My undertstanding based on a salesmans comments and looking at a plasma in a store is that you get a good picture no matter the angle. and comparing it to the nearby dlp and lcd units there was an obvious difference. as to Plasma itself you are paying a premium and just check out the life expectancy. on dlp and lcd you get 3 years or so out of the bulb and that is a $300 bill to replace they say. older Plasmas i understood had a 5 year life cycle but one i saw in a store was rated at enough hours to last 10 years as i recall. not sure what the unit you have choosen is rated but you need to verify that it is not an older one as to the design life expectancy.

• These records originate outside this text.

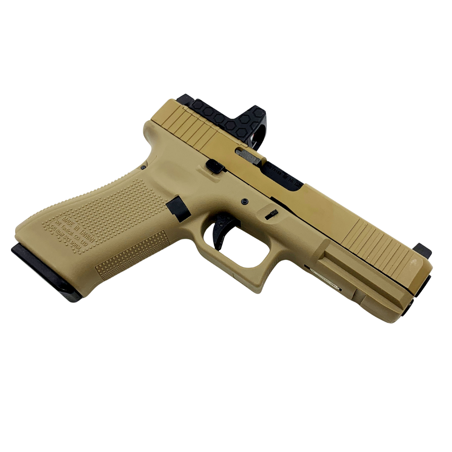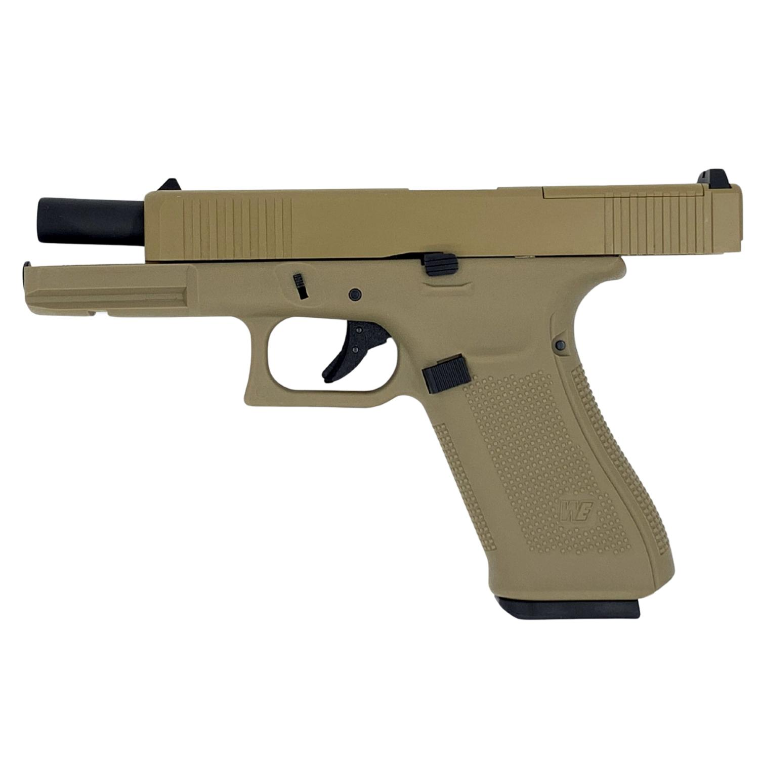 WE G17 GEN5 MOS TAN, Modular Optic System (M.O.S.) altyapısı ile üretilmiş, optik montaja hazır Gas Blowback (GBB) airsoft tabancadır.
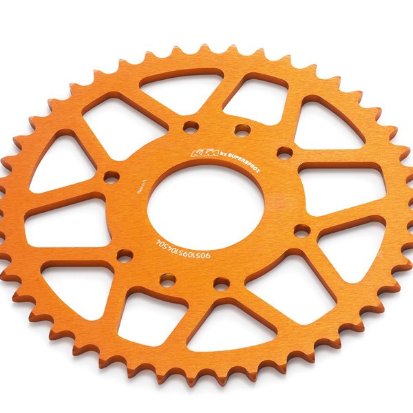 The KTM Rear sprocket is an ideal choice for replacing your old, worn-out sprocket. This product offers a range of features that make it the perfect replacement part. Firstly, it has been constructed from high-quality steel to provide superior durability and performance in any riding conditions. Secondly, its tooth profile and construction allows you to maintain maximum power delivery even under extreme loads, ensuring your rear wheel always maintains traction for better control and acceleration when you need it most.. Its light weight design helps to reduce rotating mass on your bike which helps with suspension compliance over rough terrain as well as improved fuel efficiency.
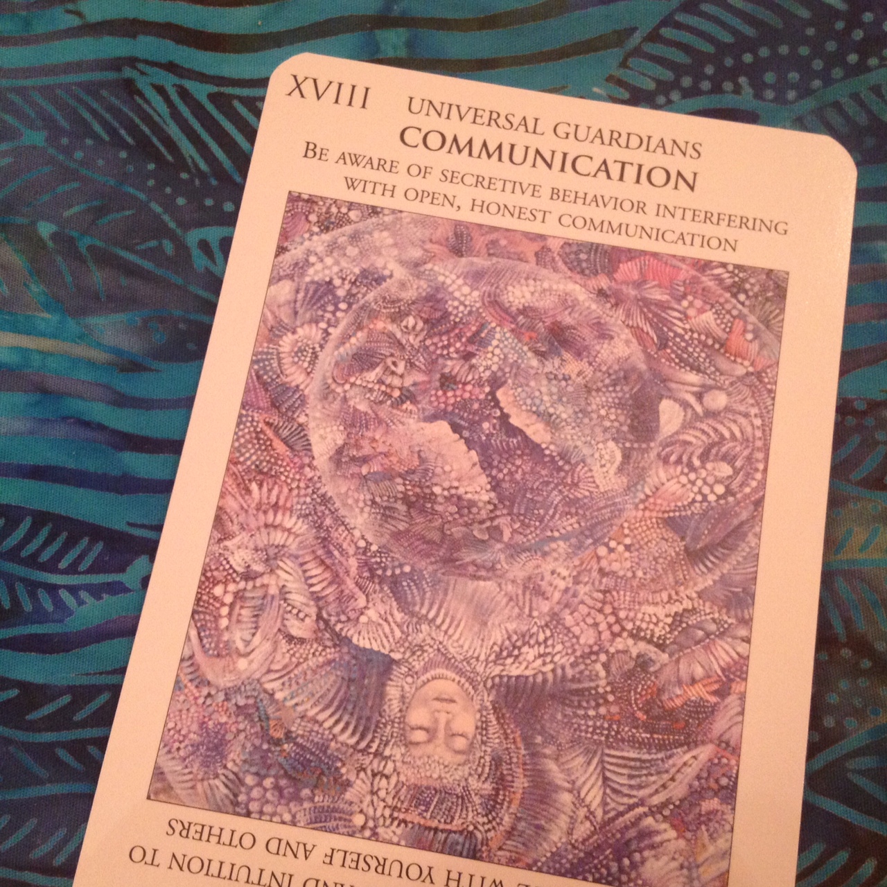 The above photo shows a card reversed. It’s not immediately noticeable that the card is reversed. Here is Key XVIII: Communication, reversed. Be aware of secretive behavior interfering with open, honest communication. It works pretty well with my understanding of The Moon card in tarot reversed. The artwork is also expressive of lunar energy.
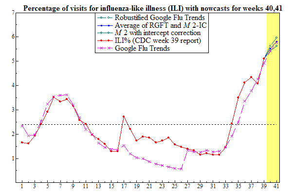 Google Flu Trends estimates ILI% for week 38 at 4.9.
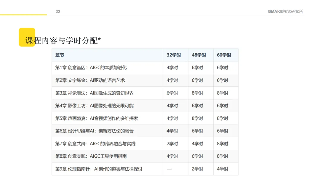 课程可根据各院校情况进行灵活调整,内容从AIGC基本概念到具体应用,希望帮助学生建立对AI辅助设计的基本认识。
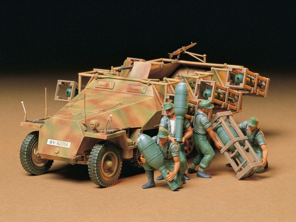 スツーカと言えば第二次大戦前半に猛威を振るったドイツの急降下爆撃機。その攻撃力にも匹敵するパワーを備えた戦闘車輛として、ドイツ軍将兵の信頼を集めた「地上のスツーカ」、ハノマークD型ロケットランチャー搭載型のプラスチックモデル組み立てキットです。6発のロケット弾を車体左右の四角い発射フレームに収めたスタイルからは、発射時の凄まじい噴煙も目に浮かぶでしょう。複雑な転輪配置の足まわりやオープントップの車内も精密に再現。ロケット弾を準備する動きにあふれたシャツ姿の兵士の人形4体入り。
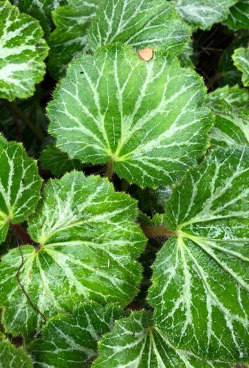 早春の林の足元、斑点のある丸みを帯びた切れ込みの深い葉が肩を寄せ合うように群生を作る姿が見に止まります。
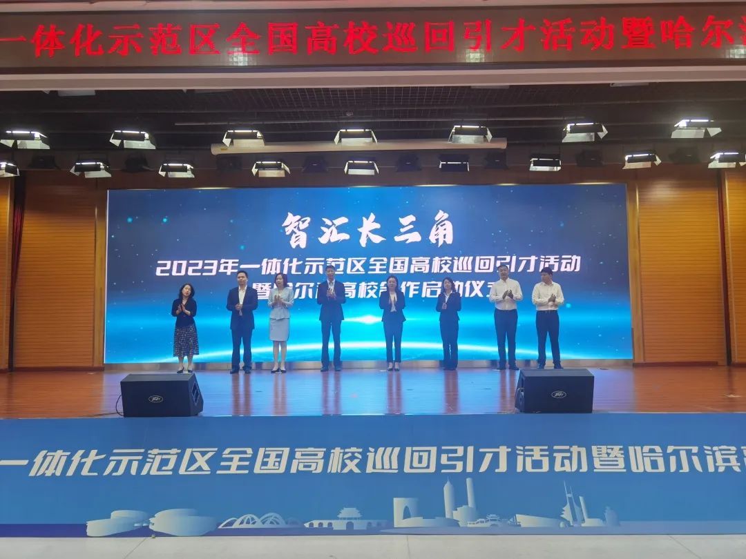 为打响长三角一体化示范区人才品牌,推动长三角区域人才交流和校企合作,精准挖掘全国高校人才资源,今天(9月13日)上午,在长三角生态绿色一体化发展示范区执委会指导下,上海青浦、江苏吴江、浙江嘉善三地人社部门与示范区近百家龙头、上市、重点企业共赴黑龙江省哈尔滨市,在黑龙江大学举办“智汇长三角”2023年一体化示范区全国高校巡回引才活动暨哈尔滨高校合作启动仪式,为广大企业与高校学子搭建双向交流的平台,共同奔赴一场“人才盛会”。
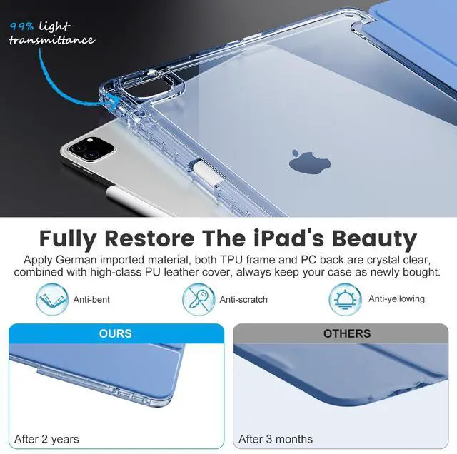 • We are the UNIQUE forerunner to apply the most advanced HD transparent tech to produce this iPad Pro 12.9 case cover. Different from those cheap semitransparent or frosted cases in the market, this HD clear case will deliver the real beauty of your iPad and display the apple icon clearly without any fuzzy. [ DON'T FORGET to peel off the protective films from inside and outside on the back before using it. ]
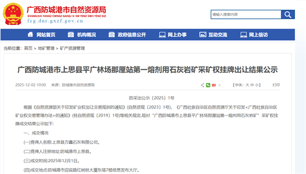近日,廣西防城港市自然資源局發(fā)布防城港市上思縣平廣林場(chǎng)那厘站第一熔劑用石灰?guī)r礦采礦權(quán)掛牌出讓結(jié)果。該項(xiàng)目資源儲(chǔ)量超2億噸,生產(chǎn)規(guī)模850萬(wàn)噸/年,出讓年限24年。上思縣萬(wàn)鑫石灰有限公司掛牌底價(jià)5.77億元競(jìng)得,折合資源價(jià)款2.82元/噸。
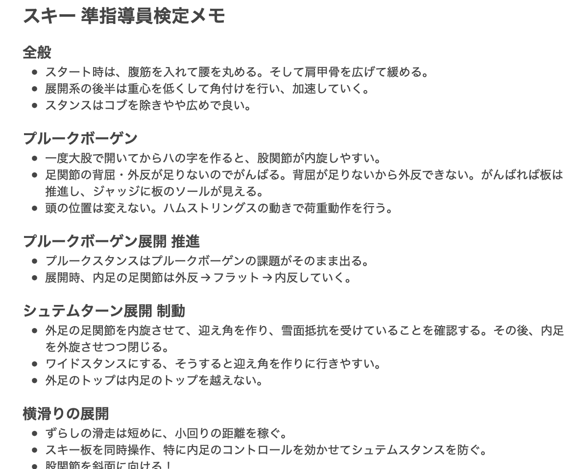 これらを踏まえて、特に受検された方は何度も聞いたはずですが、学びを「言語化」し理解を深め、そして「自動化」できるほどに自然と動きに表現できるまで練習を続けることになります。言語化ですが、家に帰ってからスキー教程を読みながら「こういうことだったのか」と振り返り、ノートに取ると結構効果的なのでお勧めです。僕のものの一部をお見せします。
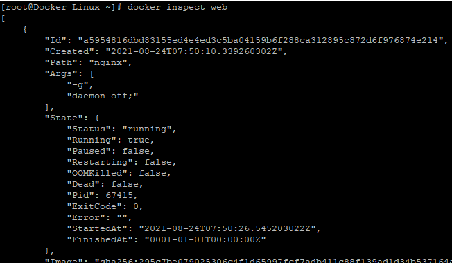 실행 중인 컨테이너를 더 자세히 보기. 리소스는 어떻게 쓰고 있고 PID는 몇 번인지, IP는 몇 번인지 등
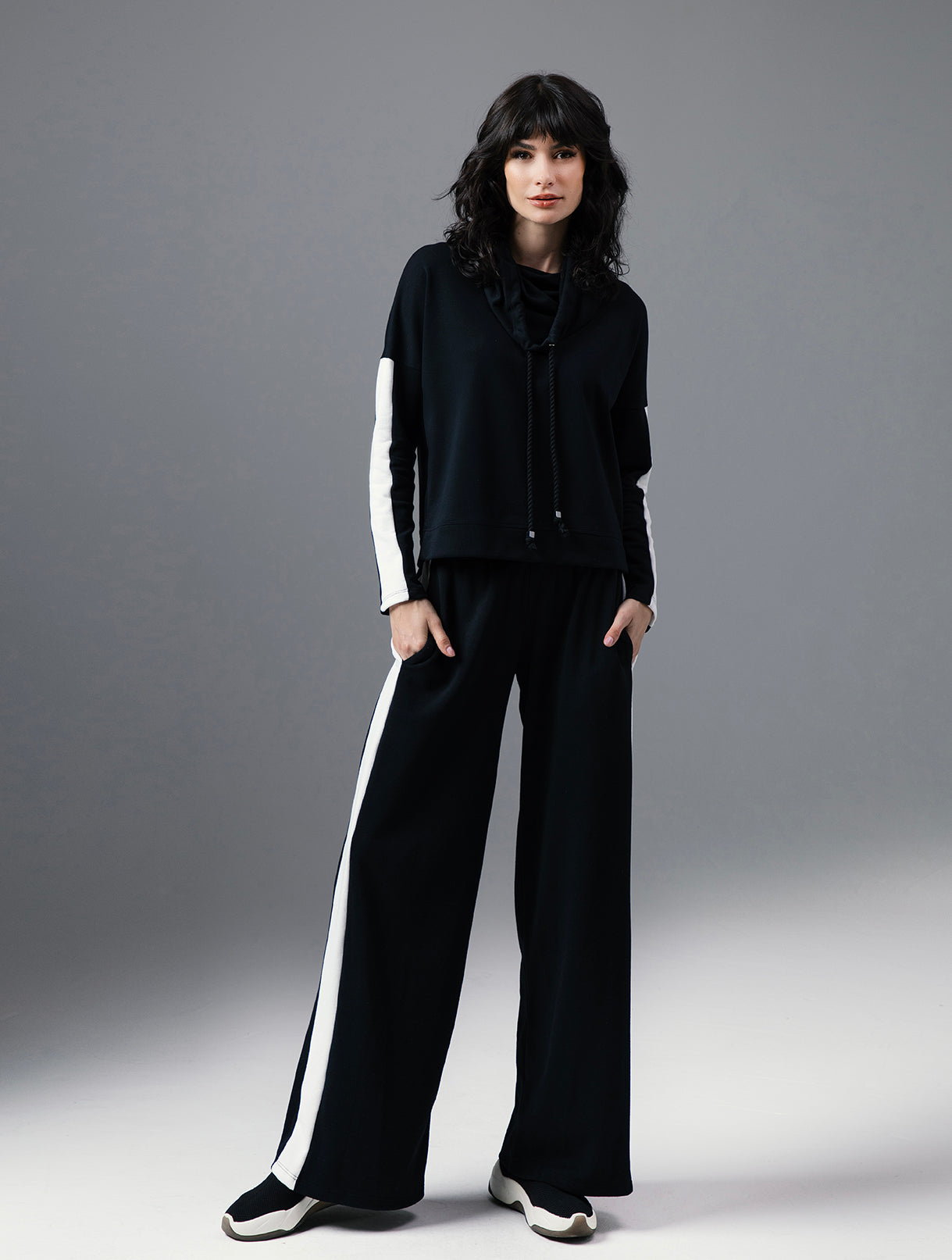 O Conjunto Erica é a combinação perfeita de conforto e estilo. Confeccionado em moletom macio, ele oferece um toque aconchegante e um caimento impecável. O design bicolor traz um ar moderno e sofisticado, destacando a elegância da peça. A blusa com gola adiciona um charme clássico, enquanto a calça pantalona proporciona fluidez e conforto, valorizando a silhueta. Versátil e estiloso, o Conjunto Erica é ideal para compor looks casuais com um toque refinado.
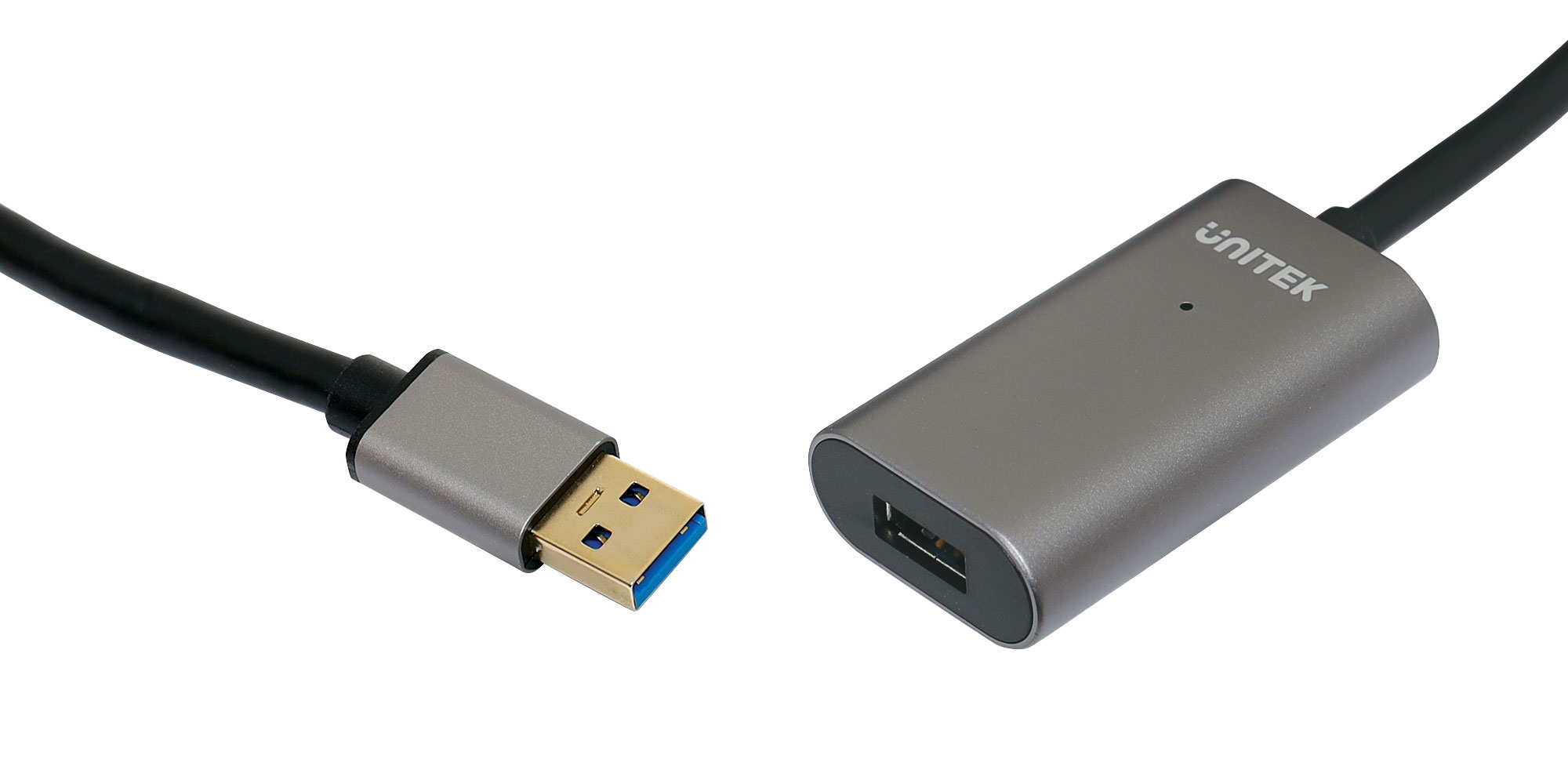A USB 3.0 active extension cable designed to achieve distances up to 5m with high speed 4.8Gbps USB 3.0 connection. Ideal for connecting USB 3.0 peripherals such as external drives in server racks etc, where 3m USB 3.0 leads may not be long enough. Up to three units can be daisy chained together for a maximum length of 15m. For high current USB bus requirements users can add our recommended plug pack with a 1.35mm Plug Adapter (both are listed in accessories below). Powered via USB bus but has provision for a plug pack should a device have insufficient current.
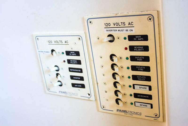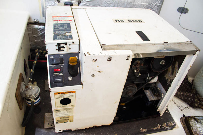 The boat has both 220 VAC and 110VAC systems with shore power cable and inlet. There is a 220/110 portable step down transformer for connecting to 220v shorepower. A Kubota diesel generator with removable cover is installed. It features with a 75amp 24v alternator and can be started and controlled from the galley.
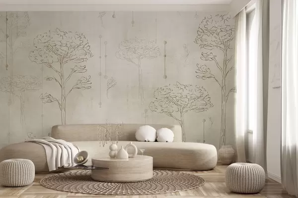 Fototapet Linjära silhuetter av träd i minimalistisk stil Nr. w04403
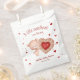 A little sweetheart is on the way! Cute baby bear themed favour bags in red and beige. Featuring an adorable baby bear holding a sweet heart shaped cookie, little hearts around. Just perfect for your February gender neutral or baby boy baby shower around the Valentines day. Easily personalise the text. - Kate Eden Art
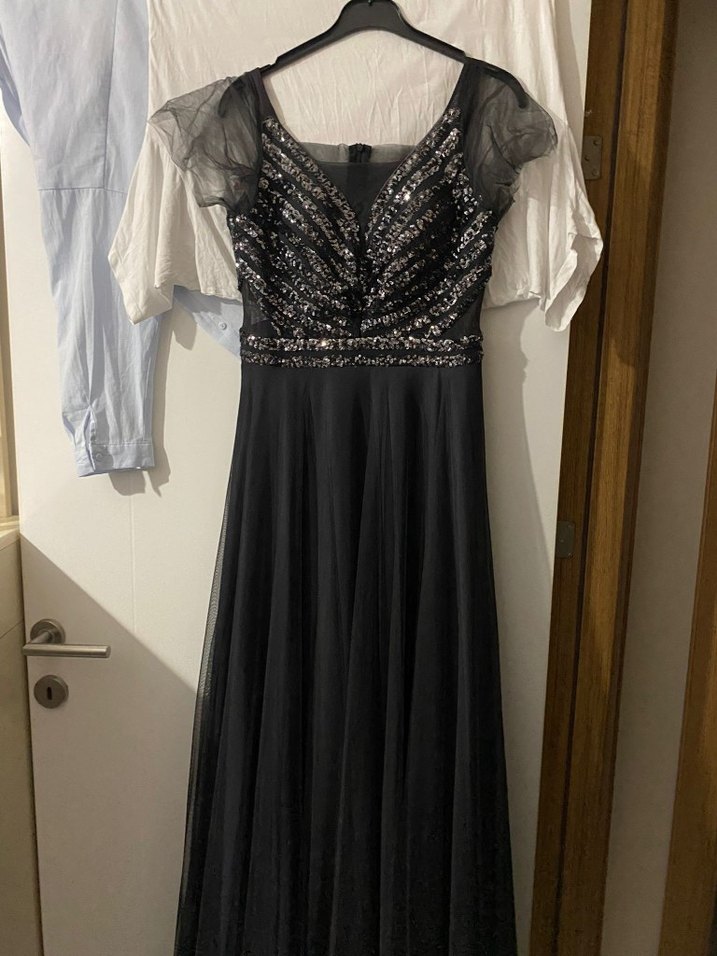 Siyah renkli, drapeli ve nakış işlemeli uzun abiye elbise. V yaka ve kısa kolludur, klasik gotik şıklığı yansıtır. Düğün için uygundur.
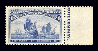 661 og 233 image#233, 4c Columbian, right sheet-margin partial imprint single, exceptionally well centered within incredibly large margins, rich luxuriant color, o.g., barest trace of hinging, extremely fine. (Image) $87.50
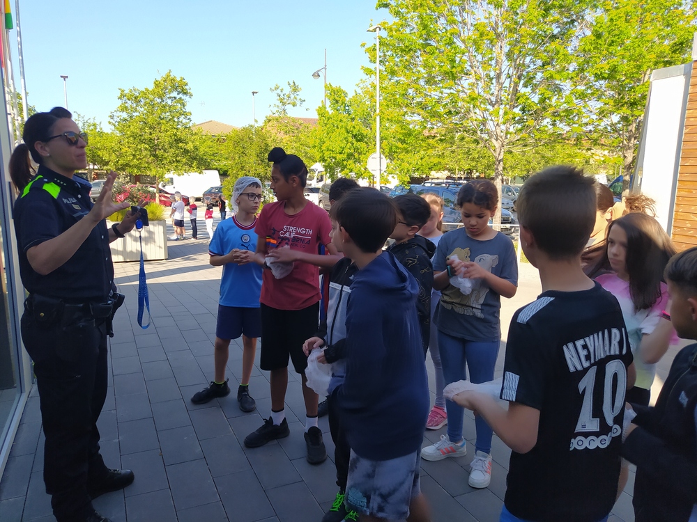 Les nenes i els nens de 5è hem anat a posar en pràctica els coneixements que vam aprendre amb els policies locals de Barberà del Vallès, en Jorge i la Jenni, conduint per un circuit amb Karts. També hem aprofitat per fer una visita de les instal·lacions de l’edifici de la policia local del nostre municipi, hem conegut a diferents agents i hem manipulat el seu uniforme.
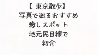 お出かけ 【東京散歩】写真で巡るおすすめ癒しスポット|地元民目線で紹介 東京に暮らしていると、つい見落としてしまいがちな風景があります。ビルの隙間から見える空の色、歴史を感じる建物のたたずまい、静かな境内に差し込む陽の光…。予定も目的もなく、ふと足を向けた先で出会う光景こそが、旅の醍醐味なのかもしれません。今回... お出かけ

enjoy, it is worth it no matter what you get. you just missed the boat though by not doing this before the Olympics. The ski jumping and ski racing was really something in hi def.


----------



## bobniborg (Mar 10, 2006)

Notes from me (not to bright but I did some looking into this when I did my house).

Do you really need the plasma (whose main advantage is size). For far cheaper you can get a rear projection that is equal in quality. As for projectors. This is great if you are not doing TV watching. The main cost on those little projectors is the bulb. And they burn up fast.

For surround sound, most systmes are fine. I bought a sony system for 200 that has a sub and 5 shelf speakers. If you are buying a unit that has an amp, look at the inputs. If you need 5.1 sound (digital input) for you DVD, Xbox, etc. you need to make sure that the amp has the inputs for that. 

That is my two cents.


----------



## kevblah (Mar 10, 2006)

This looks like a nifty deal. http://www.amazon.com/gp/product/B000AMNZ6E/ref=nosim/104-2112631-3467968?n=172282


----------



## keyser.soze (Mar 26, 2006)

Red ... if you're still looking for a solution, here's my two cents.

I also have a 42" Plasma (Panasonic) and home theater setup (Yamaha). I have run all of my components into the receiver (DVD burner, CD changer, VHS, TiVo and Cable) and one set of cables to the plasma. I have found it to be the best of all worlds, and I have connected the video with a DVI cable and a set of component video cables. Not that it is important, but the audio connection is optical from the cable source and the dvd.

I didn't splurge on Monster cables ... truth be told, I bought mine on eBay (saved $100 at that length).

I don't know if this will work in your case, but perhaps you can extract something that is helpful. Hope this helps.


----------